Digital Foundry's Google Stadia Review
By Ryan Borja

Digital Foundry has released their verdict on Google's new Stadia cloud streaming gaming service that released on Tuesday. With the service promising high quality and top end performance, many consumers are looking towards Digital Foundry for their review on the Stadia so they know whether or not the service is worth its subscription price.
Here is what Digital Foundry found in their review of the Google Stadia.
Digital Foundry's Google Stadia Review
The review published on Eurogamer was written by the Technlogy Editor for Digital Foundry, Richard Leadbetter. His analysis focused on the Stadia's highest end of video output, that is ultra HD at 4K resolution, 60 FPS, and HDR support.
His findings found that the service "isn't really complete", citing unreleased features, basic UI, and the service's reliance on its mobile app for various functions.
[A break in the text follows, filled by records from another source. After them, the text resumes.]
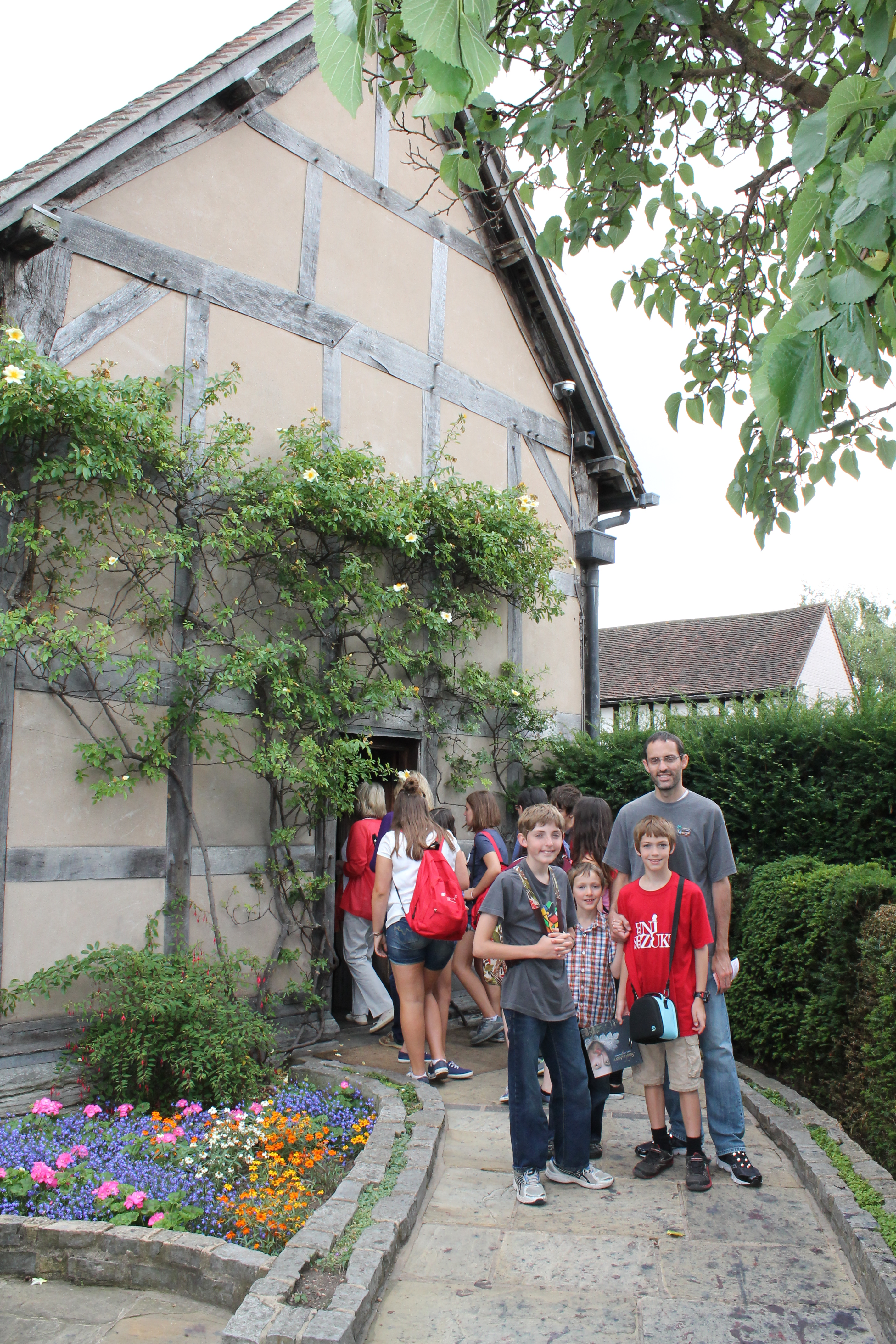 The author's family in front of Shakespeare's birthplaceEspecially fun was the chance to perform in a spontaneous scene from A Midsummer Night’s Dream (subject of said picture book) with a real Shakespearean actor in the garden. Leafy Isaac made an especially convincing Wall.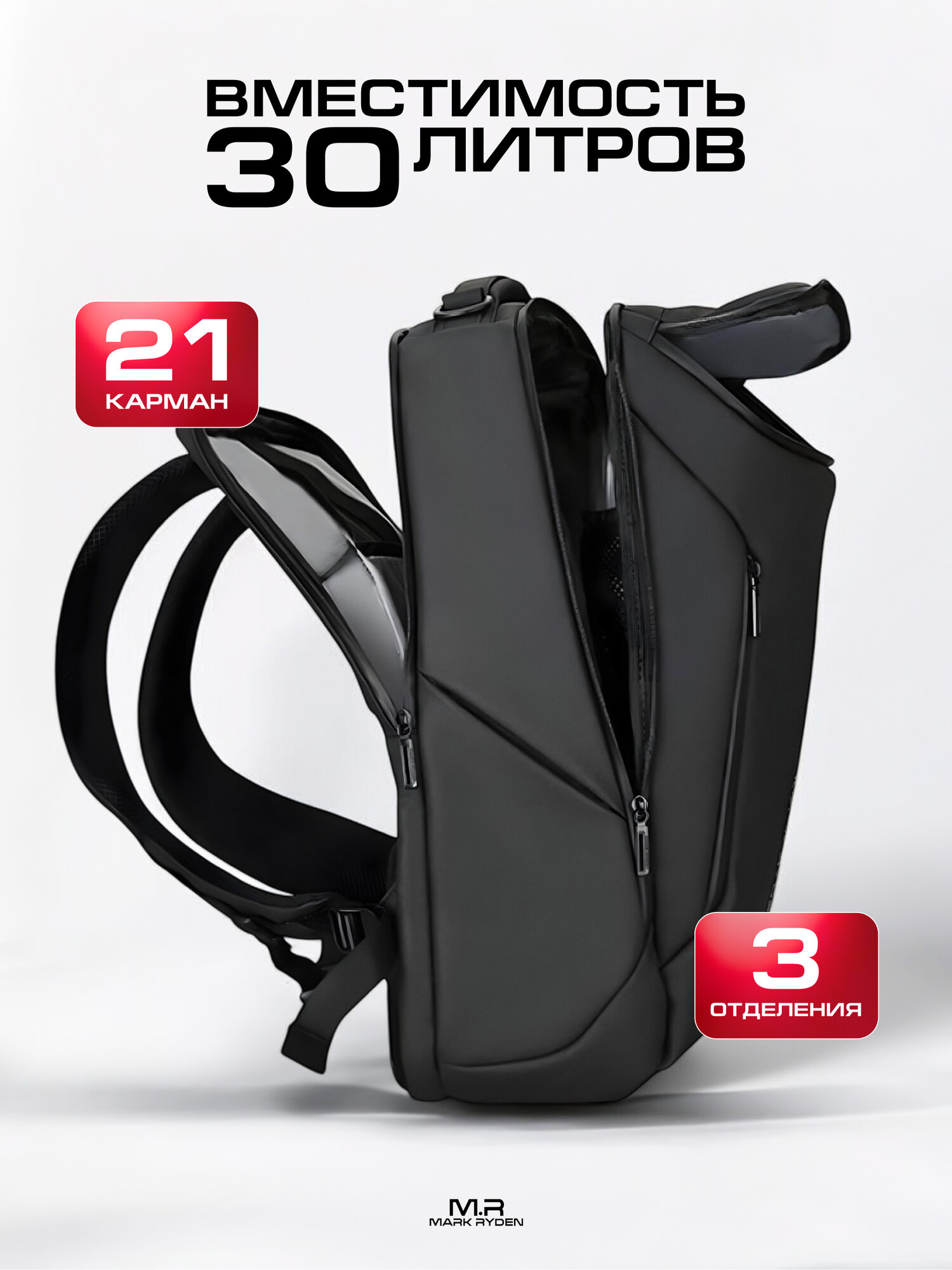 Рюкзак городской дорожный мужской Mark Ryden универсальный 35л, для ноутбука 15.6", с USB портом, черный, водонепроницаемый, молодежный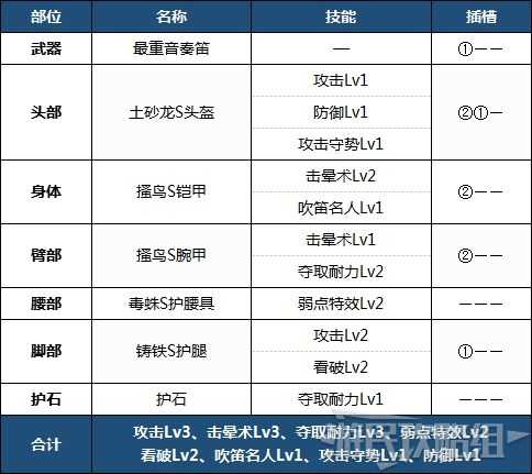 可发动狩猎笛必备技能【吹笛名人】,以强化攻击力为核心的配装。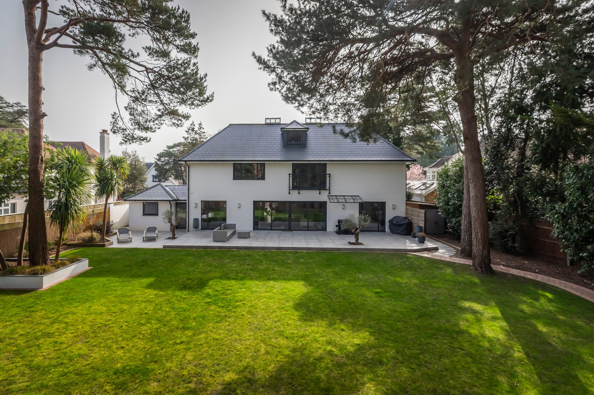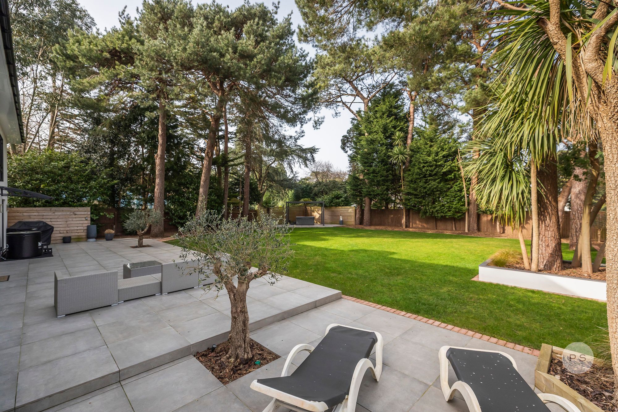 The landscaped garden offers manicured lawns, terraces and a hot tub area, creating a private setting for entertaining, with the convenience of a large external furniture and cushion room.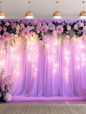 Arazzo floreale romantico per San Valentino, stampa piatta 2D, decorato con luci LED calde, sfondo perfetto per una bella decorazione per feste e un'accogliente atmosfera per San Valentino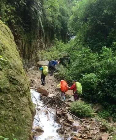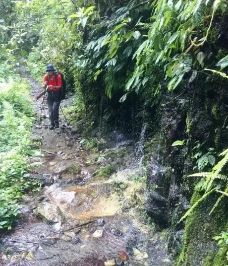沿途地貌植被、路况主要是:原始森林、溪水河流瀑布、湿滑乱石马道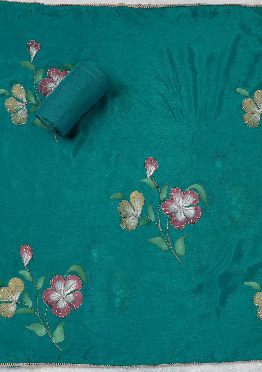 | Bottle Green Threadwork Tissue Unstitched Salwar Suit | ₹ 4,392 | |
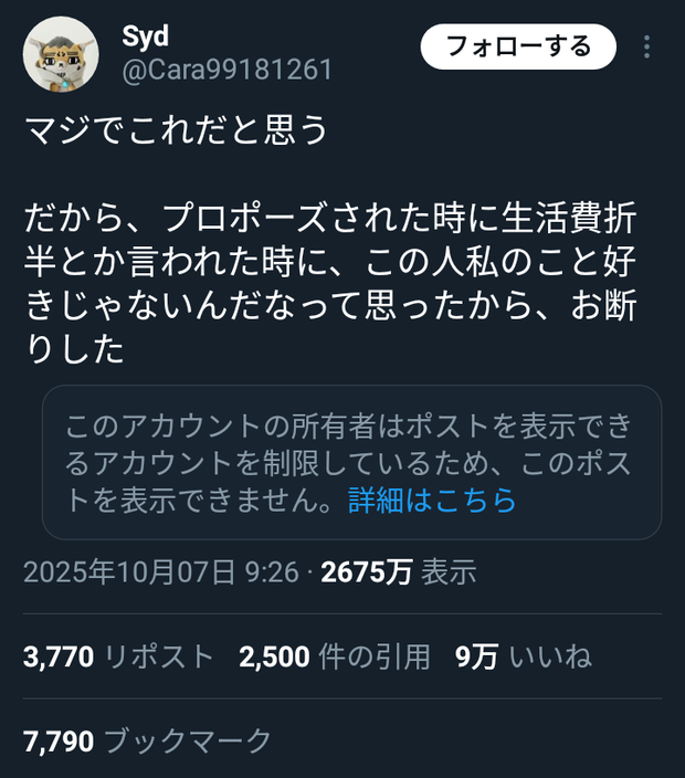 【悲報】女さん「生活費を折半にする男は論外」→9万いいね! Twitter Facebook はてブ LINE コピー 2025.10.16 スポンサーリンク 1 : 以下、?ちゃんねるからVIPがお送りします :2025/10/13(月) 13:22:18.992 ID:LB4scesHa.net育児も家事も生活費も全部男が負担する時代がようやく来たな2 : 以下、?ちゃんねるからVIPがお送りします :2025/10/13(月) 13:24:03.495 ID:BQGRkjGz0.net(´・ω・`)やっぱ女の人って結婚してニートになりたいだけなんじゃ…転載元スレッド:https://viper.2ch.sc/test/read.cgi/news4vip/1760329338/ 続きを読む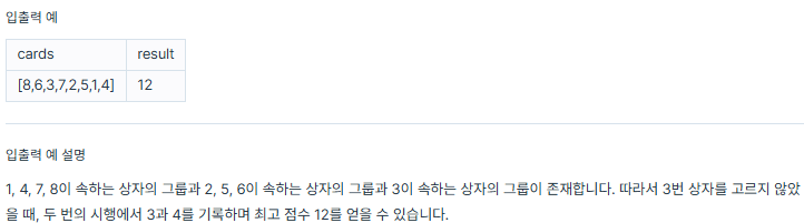 상자 안에 들어있는 카드 번호가 순서대로 담긴 배열 cards가 매개변수로 주어질 때, 범희가 이 게임에서 얻을 수 있는 최고 점수를 구해서 return 하도록 solution 함수를 완성해주세요.

The analysis also includes tests surrounding the service's latency, pitting the Stadia against the Xbox One X that released in 2017. His findings saw that the Stadia consistently had around 50ms more input lag than the Xbox One X in games like Destiny 2 and Shadow of the Tomb Raider. Leadbetter didn't consider the games "unplayable", as its consistency in latency makes up for the lag.
The article also goes over Stadia's image quality, "calling it the best image quality and latency [he's] seen from a streaming platform", but also questions the capabilities of the platform to be a top-end 4K resolution streaming service, as the quality it produces isn't what you would typically expect from those types of services.
As a streaming service, the quality of the service would of course suffer from compression and latency, which leads Leadbetter to reach the conclusion that the Stadia's tradeoff of of "precision detail and latency" is made up by the platform's convenience, however does require a hefty bandwidth.
Digital Foundry's review on the Google Stadia ends by putting into question of the Google Stadia's release as a full service.